_What you are asked to do_:
From the records below, transcribe only the lines running from the one with "ଅନ୍ୟ ଜାତିର ଝିଅକୁ" through the one with "기부은행 1월 간담회(1. 14)". Keep both of those end lines.

***** Provided data

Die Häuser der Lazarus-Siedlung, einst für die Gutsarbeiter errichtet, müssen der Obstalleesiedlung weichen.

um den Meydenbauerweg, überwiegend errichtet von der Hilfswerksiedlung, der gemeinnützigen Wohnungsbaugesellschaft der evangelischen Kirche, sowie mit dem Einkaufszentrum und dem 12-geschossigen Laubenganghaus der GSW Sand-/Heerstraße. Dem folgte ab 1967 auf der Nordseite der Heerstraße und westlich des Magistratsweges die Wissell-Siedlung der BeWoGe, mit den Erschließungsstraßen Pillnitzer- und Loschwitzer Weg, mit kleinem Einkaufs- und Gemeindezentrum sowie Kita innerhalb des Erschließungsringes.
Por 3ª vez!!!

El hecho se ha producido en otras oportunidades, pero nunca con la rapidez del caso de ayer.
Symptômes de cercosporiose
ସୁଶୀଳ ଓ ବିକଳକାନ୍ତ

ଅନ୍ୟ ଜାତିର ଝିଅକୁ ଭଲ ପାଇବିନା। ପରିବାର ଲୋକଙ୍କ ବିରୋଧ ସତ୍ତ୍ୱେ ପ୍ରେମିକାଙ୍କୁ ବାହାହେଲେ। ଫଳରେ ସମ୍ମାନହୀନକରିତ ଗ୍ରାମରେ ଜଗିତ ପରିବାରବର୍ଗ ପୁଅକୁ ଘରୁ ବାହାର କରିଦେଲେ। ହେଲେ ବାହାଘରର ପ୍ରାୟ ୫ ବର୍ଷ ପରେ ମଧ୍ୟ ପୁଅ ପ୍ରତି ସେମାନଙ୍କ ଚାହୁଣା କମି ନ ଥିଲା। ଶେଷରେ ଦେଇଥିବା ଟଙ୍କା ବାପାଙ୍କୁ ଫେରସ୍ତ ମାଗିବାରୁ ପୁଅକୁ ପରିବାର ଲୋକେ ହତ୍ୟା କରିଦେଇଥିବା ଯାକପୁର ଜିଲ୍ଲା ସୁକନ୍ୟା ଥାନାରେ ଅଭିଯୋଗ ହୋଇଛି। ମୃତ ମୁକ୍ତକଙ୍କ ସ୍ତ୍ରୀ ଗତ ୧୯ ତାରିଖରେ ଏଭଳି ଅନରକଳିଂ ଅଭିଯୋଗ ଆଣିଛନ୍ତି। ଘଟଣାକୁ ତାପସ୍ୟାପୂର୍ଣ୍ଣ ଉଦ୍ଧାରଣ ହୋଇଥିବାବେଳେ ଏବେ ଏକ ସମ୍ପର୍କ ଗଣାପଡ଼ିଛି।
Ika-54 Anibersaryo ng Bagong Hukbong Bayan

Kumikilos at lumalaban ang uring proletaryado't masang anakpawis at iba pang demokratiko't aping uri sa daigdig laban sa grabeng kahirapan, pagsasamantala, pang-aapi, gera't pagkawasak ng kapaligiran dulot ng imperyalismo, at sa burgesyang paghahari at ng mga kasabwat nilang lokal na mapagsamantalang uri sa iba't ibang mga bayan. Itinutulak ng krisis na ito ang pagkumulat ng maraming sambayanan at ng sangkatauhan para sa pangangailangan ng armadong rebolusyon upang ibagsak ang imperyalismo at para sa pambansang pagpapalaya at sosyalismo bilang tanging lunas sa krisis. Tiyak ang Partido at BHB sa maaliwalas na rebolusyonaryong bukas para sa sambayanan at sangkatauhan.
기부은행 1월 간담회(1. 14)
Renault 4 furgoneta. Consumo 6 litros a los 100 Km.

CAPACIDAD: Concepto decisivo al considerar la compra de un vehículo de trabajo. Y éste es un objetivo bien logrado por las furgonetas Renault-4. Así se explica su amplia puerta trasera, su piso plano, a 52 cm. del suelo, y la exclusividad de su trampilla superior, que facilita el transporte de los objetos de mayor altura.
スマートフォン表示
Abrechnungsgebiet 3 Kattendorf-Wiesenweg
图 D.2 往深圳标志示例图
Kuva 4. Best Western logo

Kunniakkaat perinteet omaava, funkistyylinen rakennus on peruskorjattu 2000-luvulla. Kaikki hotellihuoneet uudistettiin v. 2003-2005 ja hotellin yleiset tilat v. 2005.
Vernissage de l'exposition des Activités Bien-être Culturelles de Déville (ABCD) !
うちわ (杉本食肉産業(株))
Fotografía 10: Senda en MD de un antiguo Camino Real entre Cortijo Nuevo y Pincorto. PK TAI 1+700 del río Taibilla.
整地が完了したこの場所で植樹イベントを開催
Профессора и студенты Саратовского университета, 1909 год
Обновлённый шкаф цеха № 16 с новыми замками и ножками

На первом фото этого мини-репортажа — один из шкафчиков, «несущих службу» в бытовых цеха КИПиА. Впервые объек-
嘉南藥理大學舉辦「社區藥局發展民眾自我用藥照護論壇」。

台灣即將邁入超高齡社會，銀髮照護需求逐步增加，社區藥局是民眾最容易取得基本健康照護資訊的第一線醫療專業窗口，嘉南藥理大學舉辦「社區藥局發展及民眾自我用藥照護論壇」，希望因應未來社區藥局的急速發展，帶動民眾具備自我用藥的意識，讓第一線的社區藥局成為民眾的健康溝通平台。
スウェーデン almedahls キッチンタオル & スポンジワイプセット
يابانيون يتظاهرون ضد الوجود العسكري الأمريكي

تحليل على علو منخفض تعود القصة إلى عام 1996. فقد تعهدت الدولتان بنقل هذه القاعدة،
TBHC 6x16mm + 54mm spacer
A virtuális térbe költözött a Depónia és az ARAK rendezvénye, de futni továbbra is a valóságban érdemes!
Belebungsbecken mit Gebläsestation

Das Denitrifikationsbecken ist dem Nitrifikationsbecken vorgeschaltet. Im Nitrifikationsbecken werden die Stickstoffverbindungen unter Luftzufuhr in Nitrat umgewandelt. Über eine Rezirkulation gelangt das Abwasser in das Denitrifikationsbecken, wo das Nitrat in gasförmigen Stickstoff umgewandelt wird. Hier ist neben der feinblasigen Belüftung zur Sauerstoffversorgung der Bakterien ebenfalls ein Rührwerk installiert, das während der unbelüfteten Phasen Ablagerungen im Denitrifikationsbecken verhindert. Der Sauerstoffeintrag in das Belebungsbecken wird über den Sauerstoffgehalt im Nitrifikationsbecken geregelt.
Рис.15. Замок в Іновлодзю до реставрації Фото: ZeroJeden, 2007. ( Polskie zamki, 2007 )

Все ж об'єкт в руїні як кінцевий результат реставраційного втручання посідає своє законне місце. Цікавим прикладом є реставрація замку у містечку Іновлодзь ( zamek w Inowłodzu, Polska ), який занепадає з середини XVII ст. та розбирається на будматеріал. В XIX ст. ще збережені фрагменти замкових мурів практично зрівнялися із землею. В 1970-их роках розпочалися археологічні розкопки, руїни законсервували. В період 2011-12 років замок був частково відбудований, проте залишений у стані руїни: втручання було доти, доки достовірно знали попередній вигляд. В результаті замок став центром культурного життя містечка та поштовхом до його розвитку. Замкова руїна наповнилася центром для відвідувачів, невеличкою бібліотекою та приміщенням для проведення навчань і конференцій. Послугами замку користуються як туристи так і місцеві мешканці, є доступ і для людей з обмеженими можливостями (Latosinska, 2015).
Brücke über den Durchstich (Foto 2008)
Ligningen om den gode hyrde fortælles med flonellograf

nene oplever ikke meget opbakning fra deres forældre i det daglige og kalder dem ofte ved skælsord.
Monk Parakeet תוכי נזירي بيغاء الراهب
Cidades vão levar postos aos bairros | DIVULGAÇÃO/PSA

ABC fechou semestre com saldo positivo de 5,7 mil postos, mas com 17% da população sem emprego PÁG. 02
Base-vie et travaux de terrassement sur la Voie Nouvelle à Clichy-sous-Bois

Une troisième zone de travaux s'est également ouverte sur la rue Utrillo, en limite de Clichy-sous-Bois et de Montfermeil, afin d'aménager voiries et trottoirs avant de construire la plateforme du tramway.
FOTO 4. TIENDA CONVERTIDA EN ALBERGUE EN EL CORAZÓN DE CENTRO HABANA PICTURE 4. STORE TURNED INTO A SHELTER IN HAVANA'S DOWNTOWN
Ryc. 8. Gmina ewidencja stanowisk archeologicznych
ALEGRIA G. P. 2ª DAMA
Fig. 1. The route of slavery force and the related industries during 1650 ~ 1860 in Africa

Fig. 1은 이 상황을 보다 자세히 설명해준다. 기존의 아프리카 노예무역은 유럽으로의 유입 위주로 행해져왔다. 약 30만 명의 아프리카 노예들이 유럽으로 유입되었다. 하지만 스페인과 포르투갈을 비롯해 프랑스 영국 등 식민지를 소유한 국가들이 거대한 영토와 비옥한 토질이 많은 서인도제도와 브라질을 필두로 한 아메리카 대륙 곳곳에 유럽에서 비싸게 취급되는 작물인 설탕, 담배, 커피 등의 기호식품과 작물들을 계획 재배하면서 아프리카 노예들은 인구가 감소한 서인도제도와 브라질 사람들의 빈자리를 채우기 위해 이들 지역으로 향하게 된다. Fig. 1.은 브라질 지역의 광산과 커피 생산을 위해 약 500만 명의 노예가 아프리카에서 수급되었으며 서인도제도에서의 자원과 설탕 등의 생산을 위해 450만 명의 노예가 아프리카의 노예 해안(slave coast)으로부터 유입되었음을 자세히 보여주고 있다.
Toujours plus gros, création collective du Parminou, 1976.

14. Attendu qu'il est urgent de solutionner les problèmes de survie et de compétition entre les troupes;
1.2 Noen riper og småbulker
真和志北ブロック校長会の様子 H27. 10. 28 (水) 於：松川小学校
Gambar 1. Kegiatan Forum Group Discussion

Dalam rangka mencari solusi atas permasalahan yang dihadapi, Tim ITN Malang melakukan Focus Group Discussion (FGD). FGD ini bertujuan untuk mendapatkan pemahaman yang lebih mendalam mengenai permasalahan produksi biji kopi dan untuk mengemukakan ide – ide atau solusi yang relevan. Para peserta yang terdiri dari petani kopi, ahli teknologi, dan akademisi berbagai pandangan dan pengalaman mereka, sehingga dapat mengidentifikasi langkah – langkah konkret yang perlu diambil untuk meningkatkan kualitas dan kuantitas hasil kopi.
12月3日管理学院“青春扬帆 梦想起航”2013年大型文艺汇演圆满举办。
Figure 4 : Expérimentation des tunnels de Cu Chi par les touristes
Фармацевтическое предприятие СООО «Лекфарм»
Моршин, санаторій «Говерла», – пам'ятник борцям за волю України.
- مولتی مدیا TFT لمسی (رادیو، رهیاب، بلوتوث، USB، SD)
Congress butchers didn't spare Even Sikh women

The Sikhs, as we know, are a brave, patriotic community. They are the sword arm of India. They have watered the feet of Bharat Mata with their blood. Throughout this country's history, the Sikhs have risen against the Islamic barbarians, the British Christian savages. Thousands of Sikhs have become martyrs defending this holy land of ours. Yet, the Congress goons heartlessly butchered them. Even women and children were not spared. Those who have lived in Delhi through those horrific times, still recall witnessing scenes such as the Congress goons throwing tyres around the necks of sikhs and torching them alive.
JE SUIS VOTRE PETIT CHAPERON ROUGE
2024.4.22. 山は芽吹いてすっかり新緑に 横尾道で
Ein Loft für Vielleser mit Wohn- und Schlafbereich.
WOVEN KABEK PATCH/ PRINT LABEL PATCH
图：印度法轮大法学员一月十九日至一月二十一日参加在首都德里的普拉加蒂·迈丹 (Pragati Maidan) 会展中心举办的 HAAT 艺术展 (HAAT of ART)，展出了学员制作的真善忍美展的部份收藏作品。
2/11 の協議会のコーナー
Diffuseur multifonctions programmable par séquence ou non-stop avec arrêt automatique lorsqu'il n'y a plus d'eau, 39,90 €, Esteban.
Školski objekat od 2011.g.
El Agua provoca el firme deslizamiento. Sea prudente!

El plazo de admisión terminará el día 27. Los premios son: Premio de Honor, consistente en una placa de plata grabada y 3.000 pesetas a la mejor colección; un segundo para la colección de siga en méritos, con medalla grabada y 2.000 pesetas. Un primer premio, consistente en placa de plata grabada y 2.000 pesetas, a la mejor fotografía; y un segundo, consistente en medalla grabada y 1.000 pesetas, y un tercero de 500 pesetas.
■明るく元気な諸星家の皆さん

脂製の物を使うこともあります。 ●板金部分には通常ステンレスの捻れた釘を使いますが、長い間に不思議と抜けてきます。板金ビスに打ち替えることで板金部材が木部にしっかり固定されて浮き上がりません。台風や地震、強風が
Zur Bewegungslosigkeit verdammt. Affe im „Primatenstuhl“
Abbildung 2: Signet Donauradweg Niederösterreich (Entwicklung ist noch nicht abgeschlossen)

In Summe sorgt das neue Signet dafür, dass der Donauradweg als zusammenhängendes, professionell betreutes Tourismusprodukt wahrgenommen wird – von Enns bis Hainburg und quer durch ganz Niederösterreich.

**********

_Result_:
ଅନ୍ୟ ଜାତିର ଝିଅକୁ ଭଲ ପାଇବିନା। ପରିବାର ଲୋକଙ୍କ ବିରୋଧ ସତ୍ତ୍ୱେ ପ୍ରେମିକାଙ୍କୁ ବାହାହେଲେ। ଫଳରେ ସମ୍ମାନହୀନକରିତ ଗ୍ରାମରେ ଜଗିତ ପରିବାରବର୍ଗ ପୁଅକୁ ଘରୁ ବାହାର କରିଦେଲେ। ହେଲେ ବାହାଘରର ପ୍ରାୟ ୫ ବର୍ଷ ପରେ ମଧ୍ୟ ପୁଅ ପ୍ରତି ସେମାନଙ୍କ ଚାହୁଣା କମି ନ ଥିଲା। ଶେଷରେ ଦେଇଥିବା ଟଙ୍କା ବାପାଙ୍କୁ ଫେରସ୍ତ ମାଗିବାରୁ ପୁଅକୁ ପରିବାର ଲୋକେ ହତ୍ୟା କରିଦେଇଥିବା ଯାକପୁର ଜିଲ୍ଲା ସୁକନ୍ୟା ଥାନାରେ ଅଭିଯୋଗ ହୋଇଛି। ମୃତ ମୁକ୍ତକଙ୍କ ସ୍ତ୍ରୀ ଗତ ୧୯ ତାରିଖରେ ଏଭଳି ଅନରକଳିଂ ଅଭିଯୋଗ ଆଣିଛନ୍ତି। ଘଟଣାକୁ ତାପସ୍ୟାପୂର୍ଣ୍ଣ ଉଦ୍ଧାରଣ ହୋଇଥିବାବେଳେ ଏବେ ଏକ ସମ୍ପର୍କ ଗଣାପଡ଼ିଛି।
Ika-54 Anibersaryo ng Bagong Hukbong Bayan

Kumikilos at lumalaban ang uring proletaryado't masang anakpawis at iba pang demokratiko't aping uri sa daigdig laban sa grabeng kahirapan, pagsasamantala, pang-aapi, gera't pagkawasak ng kapaligiran dulot ng imperyalismo, at sa burgesyang paghahari at ng mga kasabwat nilang lokal na mapagsamantalang uri sa iba't ibang mga bayan. Itinutulak ng krisis na ito ang pagkumulat ng maraming sambayanan at ng sangkatauhan para sa pangangailangan ng armadong rebolusyon upang ibagsak ang imperyalismo at para sa pambansang pagpapalaya at sosyalismo bilang tanging lunas sa krisis. Tiyak ang Partido at BHB sa maaliwalas na rebolusyonaryong bukas para sa sambayanan at sangkatauhan.
기부은행 1월 간담회(1. 14)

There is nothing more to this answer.